A Diagnostic Dilemma of Hepatocellular Carcinoma on a Background of Thalassemia

Abstract

Purpose: Thalassemia (HbH) is a chronic condition that may have potential complications of liver cirrhosis secondary to iron overload or hepatitis. Iron deposition in the liver can mask the classic imaging findings of hepatocellular carcinoma. We report an interesting case with similar nature with diagnostic dilemma, where multiple imaging modalities were unable to delineate the nature of the liver nature, and the patient was eventually diagnosed with hepatocellular carcinoma, after percutaneous biopsy was performed. Method: A 61-year-old male, with background history of HbH disease and transfusion dependent, presented with an incidental finding of 2 liver nodules on an ultrasound scan after complaints of right hypochondrium pain. A computed tomography (CT) scan diagnosed one nodule as a flash-filling haemangioma but was inconclusive about the other larger nodule. A magnetic resonance imaging (MRI) scan was also inconclusive but gave the differentials of extramedullary haematopoiesis.
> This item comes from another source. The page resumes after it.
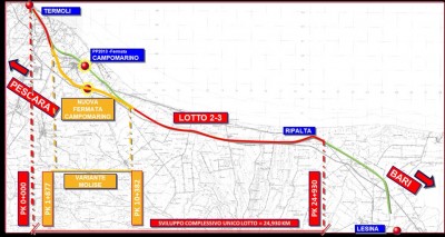 IL PRIMO LOTTO. Per quanto riguarda il primo lotto, da Ripalta a Lesina (circa 7 Km), affidato a marzo 2021, per un importo di circa 59 milioni di euro ed un investimento complessivo di 106 milioni, sono in fase di ultimazione le attività di progettazione esecutiva a cura dell’Appaltatore. Seguirà a breve la fase di apertura dei cantieri, con previsione di ultimazione lavori nel 2025.

A sulphur colloid scan did not show uptake, making extramedullary haematopoiesis less likely. Results: A percutaneous biopsy of the indeterminate liver nodule was performed, and the histology showed hepatocellular carcinoma. The patient underwent wedge resection of the hepatocellular carcinoma and recovered well post-operatively. Conclusion: In the event of inconclusive imaging in patients with significant risk factors for hepatocellular carcinoma, a percutaneous biopsy should be performed for definitive diagnosis.